Sunday 3.4.2018 New York Times Digest


1. How Tiny Red Dots Took Over Your Life

“Is it possible to reform profit-driven systems that turn attention into money? In such a business, can you even separate addiction from success?”

2. Romance, Rough Sex or Rape?

“On the big screen, consent has long been a fuzzy, negotiable concept.”

3. Why We Should Lower the Voting Age to 16

“Adolescents can gather and process information, weigh pros and cons, reason logically with facts and take time before making a decision. Teenagers may sometimes make bad choices, but statistically speaking, they do not make them any more often than adults do.”

4. Power to the Parents

“The simplest mechanism would be to assign half a vote to each custodial parent; presumably single parents with full custody could exercise the full franchise for each child.”

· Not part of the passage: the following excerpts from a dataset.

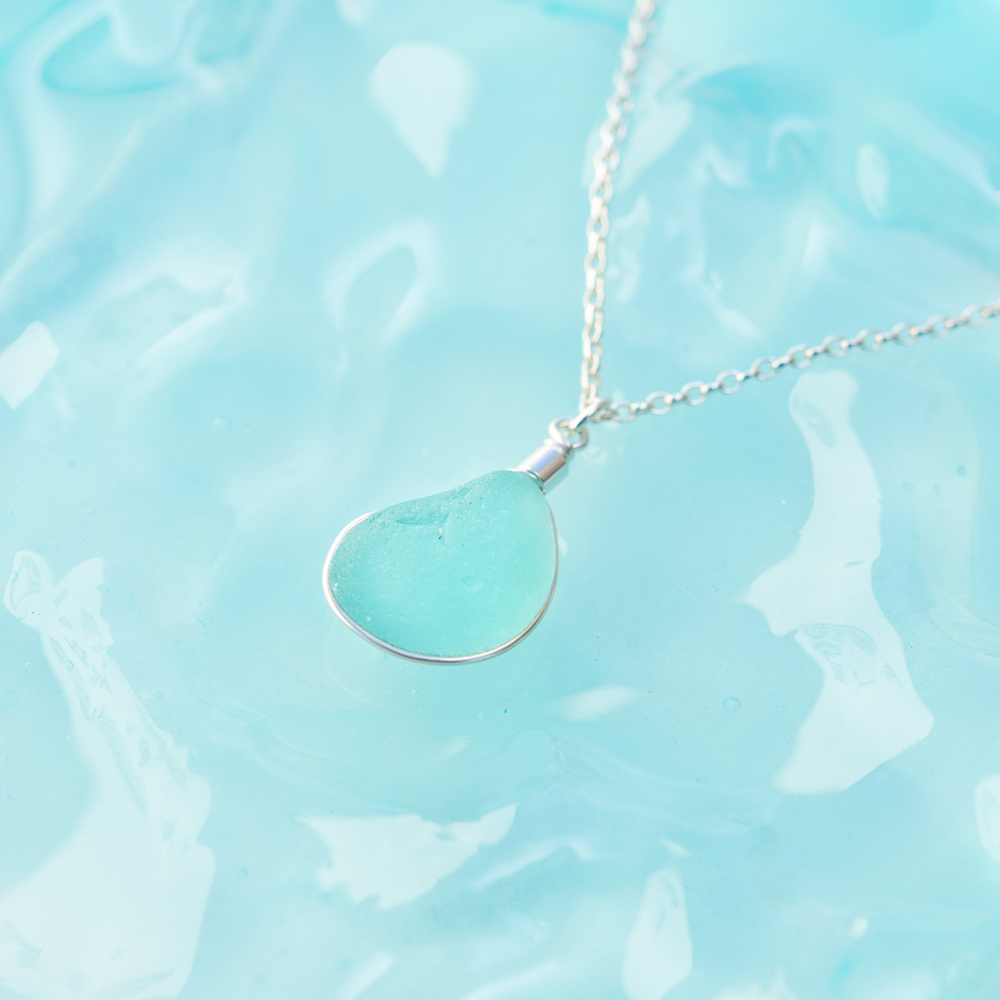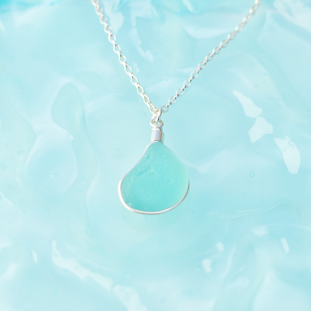 Aqua Sea Glass Pendant.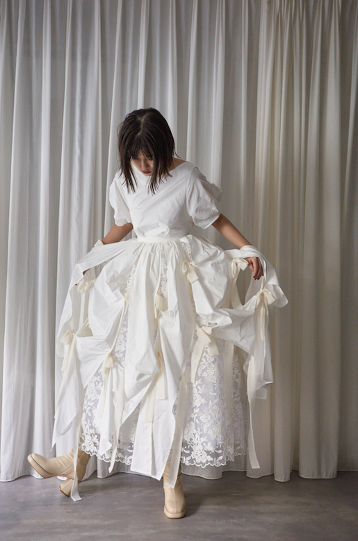 短冊状になっているスカートをランダムにリボンで結び隙間から贅沢なコードレースがちらりと見えるデザイン。背中もシンプルになりすぎない様に開きを作りレースを忍ばせています。カジュアルに見せるために肩ではなく袖口にボリューム感をだし、可愛らしさもありつつ大人な印象のドレスとなっております。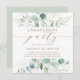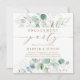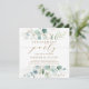 This engagement party square invitation features painted watercolor eucalyptus, botanical green and gold glitter leaves with gold script.

5. When Your College Has Your Back

“Today just 40 percent of college students earn a degree in four years. This phenomenon is so common that educators now use six years, by which time 59 percent of undergraduates receive their diplomas, as the new normal.”

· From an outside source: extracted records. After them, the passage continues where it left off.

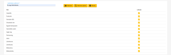 Pipáljuk be a látni kívánt oszlop négyzetét. Ezután adjunk nevet a lekérdezés sablonnak, a Mentés gombbal megkapjuk a lekérdezést, a Mentés újként gombbal pedig elmenthetjük a sablonok közé.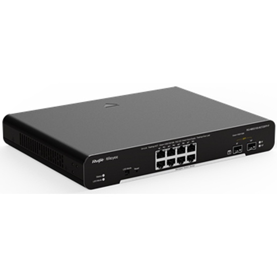 - Порты: 8 портов 10/100/1000Base-T с поддержкой PoE+, 2 uplink-порта SPF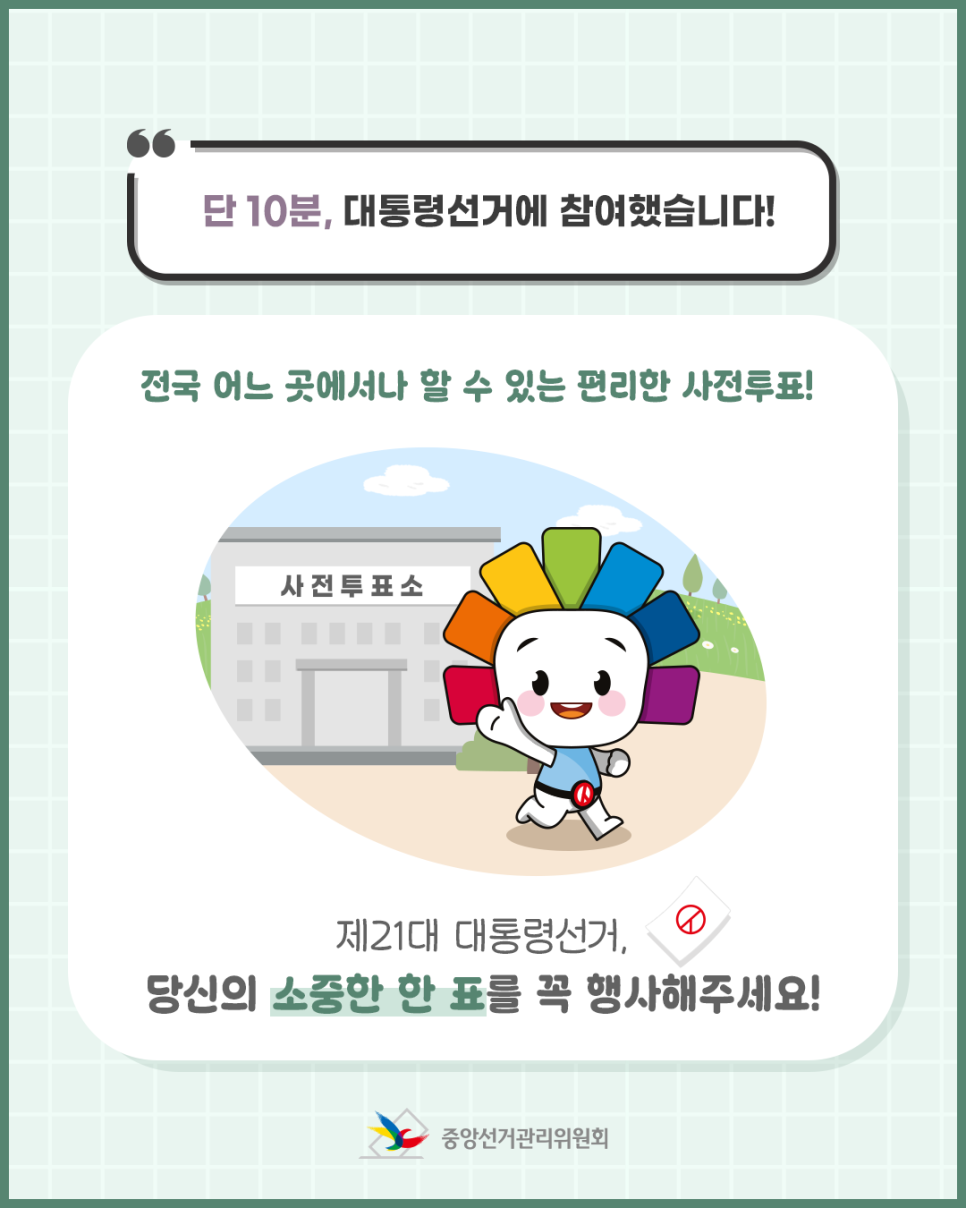 사전투표는 바쁜 일정 속에서도 소중한 권리를 행사할 수 있는 제도입니다.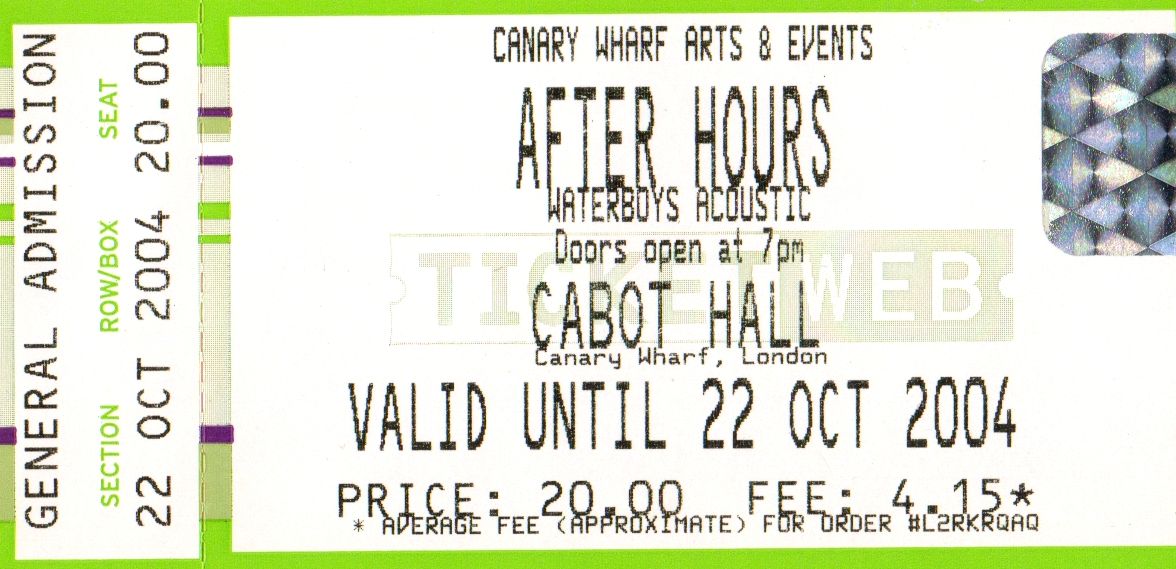 Stub – The Waterboys [22 Oct 2004] London Canary Wharf

6. The 8 Million Species We Don’t Know

“Once species are gone, they’re gone forever. Even if the climate is stabilized, the extinction of species will remove Earth’s foundational, billion-year-old environmental support system. A growing number of researchers, myself included, believe that the only way to reverse the extinction crisis is through a conservation moonshot: We have to enlarge the area of Earth devoted to the natural world enough to save the variety of life within it.”

7. Let’s Bag Plastic Bags

“The United Nations Environment Program estimates that some eight million tons of plastic waste end up in the oceans each year, while a 2016 World Economic Forum report projects that there will be more plastic than fish by weight in the oceans by 2050 if current trends continue.”

8. Helen Mirren Hits the Road

“I was astounded when I first came to America how people would get in the car and drive for five hours without even thinking about it. I think 50 percent of Americans don’t own a passport because there’s an awful lot of America to see. There’s a ubiquitousness that Europeans find quite difficult to deal with, the fact that you can drive for thousands of miles into a place that looks exactly the same, with a Marshalls, Staples, T.J. Maxx, Home Depot. But I have yet to go to a part of America that is not unbelievably beautiful — New Mexico, the Smoky Mountains, South Dakota, the redwood forests, Yosemite, the bayou.”

9. Put On a Happy Face and Getting Better All the Time?

“Progress has been interrupted by catastrophes, and we cannot soothe ourselves with the thought that the catastrophes will be temporary, even if we can persuade ourselves that temporary bumps cannot cause permanent derailment.”

10. The Battle Over What It Means to Be American

“Chua both condemns tribalism and respects its power. She insists that the United States alone of nations among the earth has often transcended it — and then presents impressive contrary evidence from the past and the present. Chua reckons with the many tribalisms of the American past: ethnic, religious and racial. She hopes for a future in which tribalism fades — even as she mercilessly details its accumulating strength.”

11. When Writing a Book Leaves a (Literal) Mark on Its Author

“The tattoo artist lines up tiny pots of ink, 16 in all, blacks and browns and reds, a metallic gold, a lurid pink. She has studied the image, taking apart its planes and colors, rewinding Copley’s brushstrokes. To watch her build it up again, from outline to underlayer to surface, working in pigment and blood, is as close as I will ever come to watching Copley’s hand and seeing through his eyes.”

12. How Much Is Anyone ‘Entitled’ To, in the End?

“Lately, ‘entitled’ is the scalpel we use to divide one from the other, affirming the things we believe are owed to us, then turning around and shaming others for expecting anything beyond that. It lets us claim that certain rights are fundamental, granted by a higher authority, and it lets us accuse others of being grasping, arrogant and superior.”

13. Letter of Recommendation: Celsius

“Before I adopted Celsius, the difference between a 60- and a 70-degree day, in Fahrenheit, meant a great deal to me, dictating my wardrobe and perhaps even my mood. But when I started walking around with Celsius in my head, I noticed that such minor gradations don’t really matter — it was hot, or it was cold, or it was neither. I would survive. There was something psychically soothing about that.”

14. What Is the Perfect Color Worth?

“Color forecasters like Shah and his team at Pantone have tremendous influence over the visible elements of the global economy — the parts of it that are designed, manufactured and purchased — though their profession itself is all but invisible.”